== Records provided ==
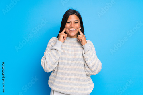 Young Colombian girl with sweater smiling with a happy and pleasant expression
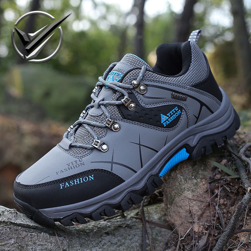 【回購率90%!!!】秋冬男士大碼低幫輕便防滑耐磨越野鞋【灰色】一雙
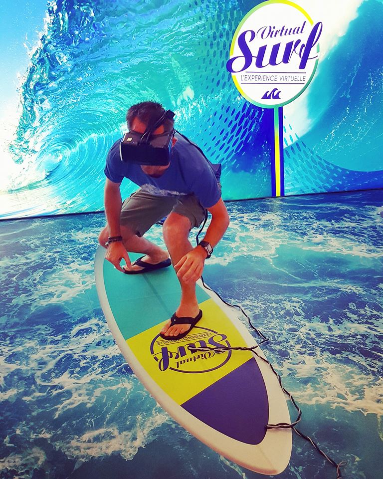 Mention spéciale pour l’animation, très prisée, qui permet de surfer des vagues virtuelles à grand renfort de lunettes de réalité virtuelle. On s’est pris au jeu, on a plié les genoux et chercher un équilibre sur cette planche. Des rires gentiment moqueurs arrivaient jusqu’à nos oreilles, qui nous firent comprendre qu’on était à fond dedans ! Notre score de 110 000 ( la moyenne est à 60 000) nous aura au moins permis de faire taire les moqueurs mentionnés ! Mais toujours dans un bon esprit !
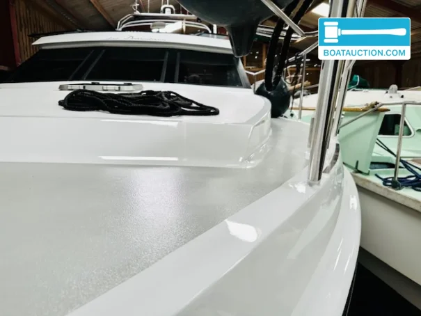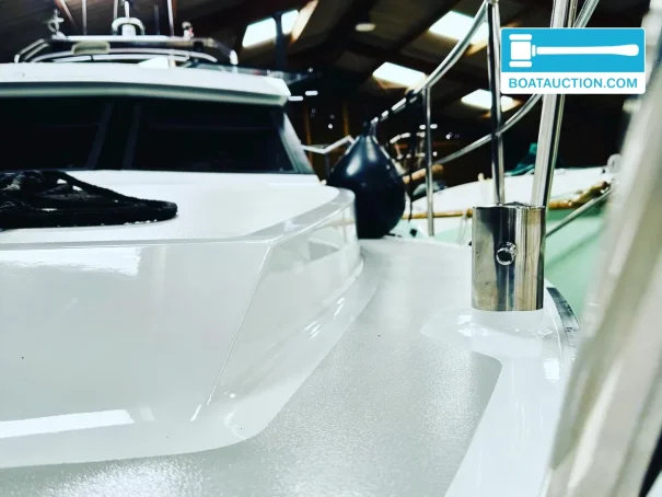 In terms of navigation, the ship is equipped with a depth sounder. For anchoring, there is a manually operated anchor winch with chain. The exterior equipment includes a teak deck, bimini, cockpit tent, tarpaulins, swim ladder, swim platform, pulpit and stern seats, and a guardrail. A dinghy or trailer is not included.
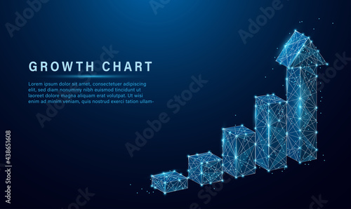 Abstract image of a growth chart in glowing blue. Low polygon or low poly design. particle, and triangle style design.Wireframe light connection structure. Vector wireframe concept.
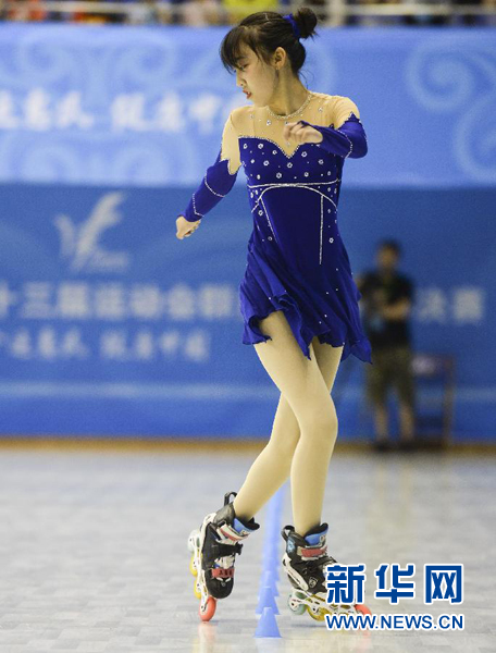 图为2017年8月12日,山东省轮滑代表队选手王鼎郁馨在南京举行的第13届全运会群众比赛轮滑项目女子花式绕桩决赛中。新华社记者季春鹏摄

==

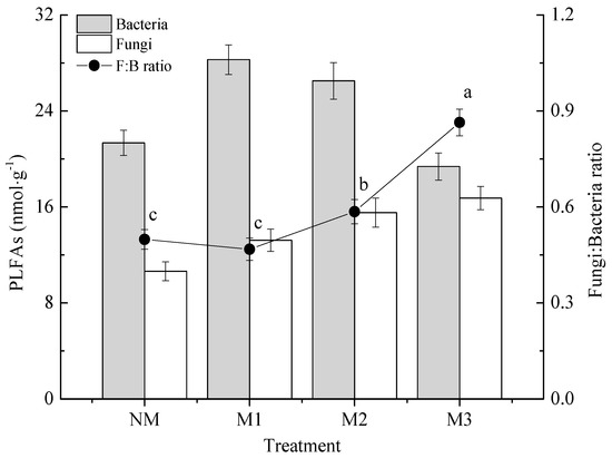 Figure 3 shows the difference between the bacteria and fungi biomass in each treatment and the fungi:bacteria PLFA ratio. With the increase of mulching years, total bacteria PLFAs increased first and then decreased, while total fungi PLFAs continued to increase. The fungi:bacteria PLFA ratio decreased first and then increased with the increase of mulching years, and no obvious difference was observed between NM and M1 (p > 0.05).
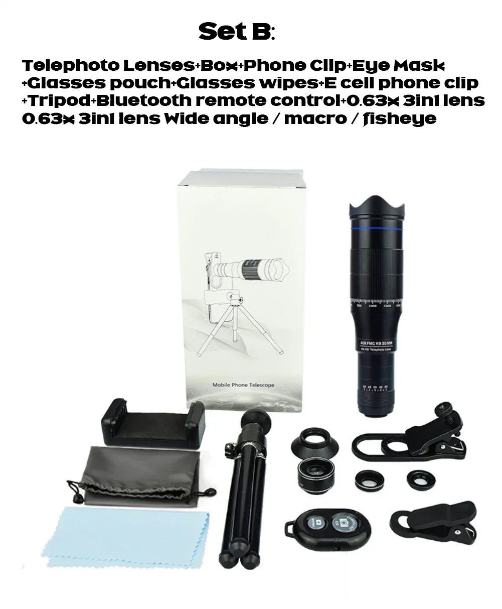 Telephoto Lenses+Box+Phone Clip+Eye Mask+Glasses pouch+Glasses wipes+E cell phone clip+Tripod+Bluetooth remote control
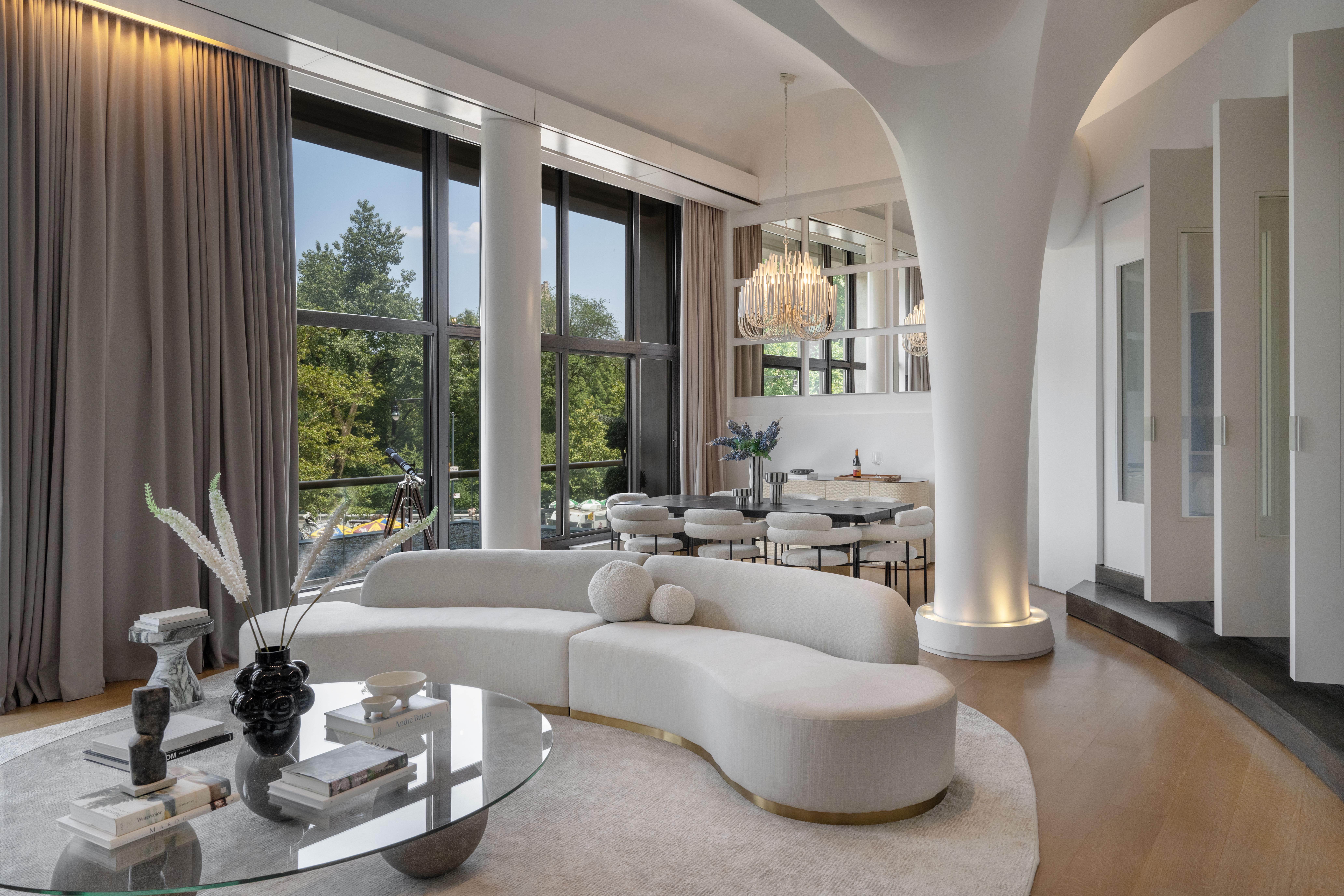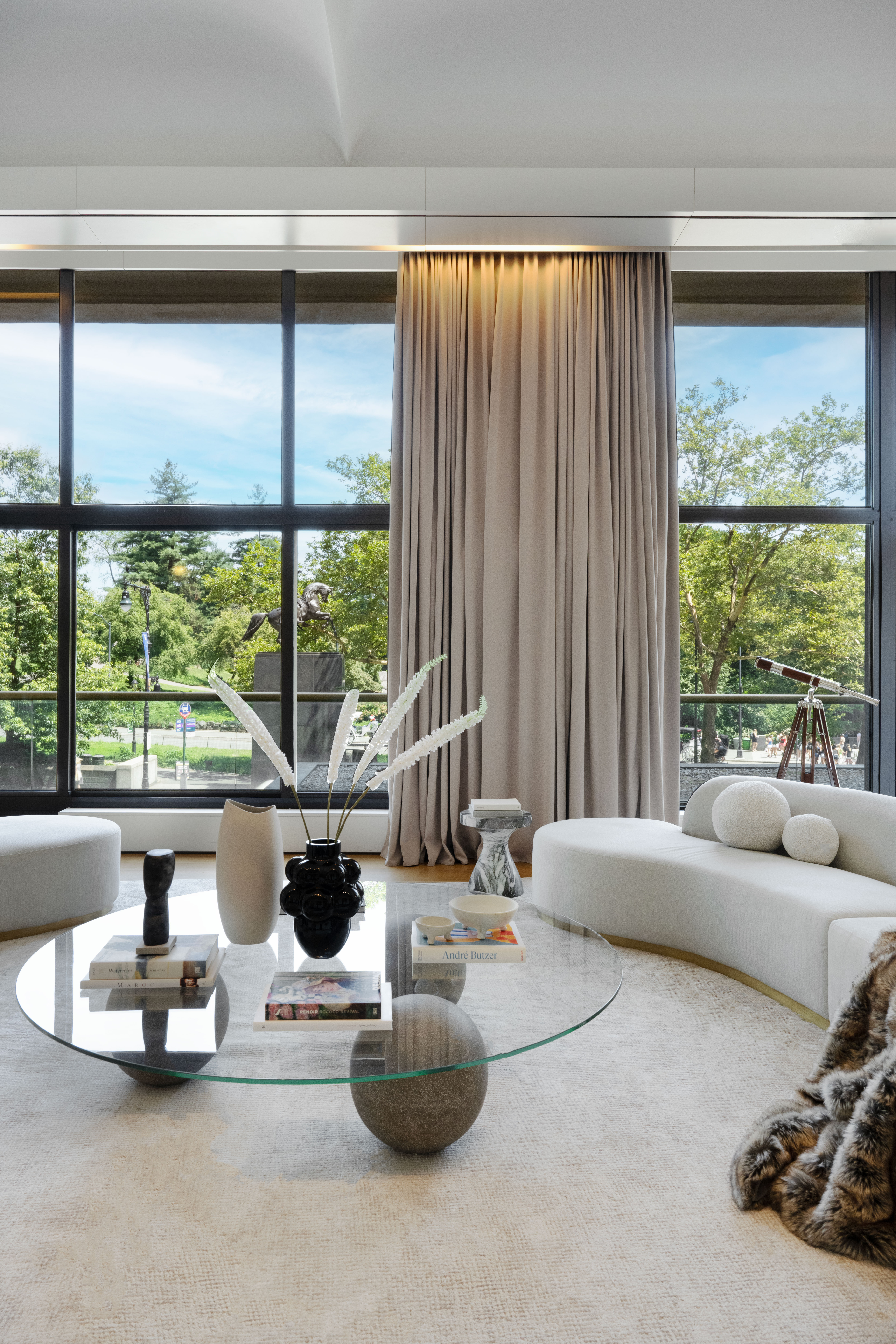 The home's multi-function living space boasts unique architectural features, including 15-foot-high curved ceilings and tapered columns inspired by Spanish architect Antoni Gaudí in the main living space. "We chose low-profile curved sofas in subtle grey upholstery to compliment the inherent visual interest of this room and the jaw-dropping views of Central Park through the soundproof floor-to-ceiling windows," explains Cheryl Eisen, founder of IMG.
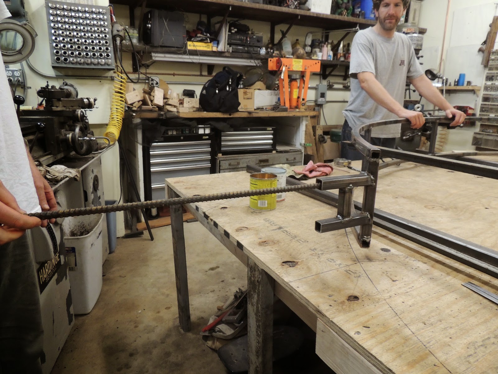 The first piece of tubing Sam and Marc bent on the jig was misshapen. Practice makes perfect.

== What to produce ==
Could you output exactly the lines above, from the line with "Young Colombian girl" up to and including the line with "图为2017年8月12日,山", and nothing else, skipping the pictures?

== Exercise output ==
 Young Colombian girl with sweater smiling with a happy and pleasant expression
 【回購率90%!!!】秋冬男士大碼低幫輕便防滑耐磨越野鞋【灰色】一雙
 Mention spéciale pour l’animation, très prisée, qui permet de surfer des vagues virtuelles à grand renfort de lunettes de réalité virtuelle. On s’est pris au jeu, on a plié les genoux et chercher un équilibre sur cette planche. Des rires gentiment moqueurs arrivaient jusqu’à nos oreilles, qui nous firent comprendre qu’on était à fond dedans ! Notre score de 110 000 ( la moyenne est à 60 000) nous aura au moins permis de faire taire les moqueurs mentionnés ! Mais toujours dans un bon esprit !
 In terms of navigation, the ship is equipped with a depth sounder. For anchoring, there is a manually operated anchor winch with chain. The exterior equipment includes a teak deck, bimini, cockpit tent, tarpaulins, swim ladder, swim platform, pulpit and stern seats, and a guardrail. A dinghy or trailer is not included.
 Abstract image of a growth chart in glowing blue. Low polygon or low poly design. particle, and triangle style design.Wireframe light connection structure. Vector wireframe concept.
 图为2017年8月12日,山东省轮滑代表队选手王鼎郁馨在南京举行的第13届全运会群众比赛轮滑项目女子花式绕桩决赛中。新华社记者季春鹏摄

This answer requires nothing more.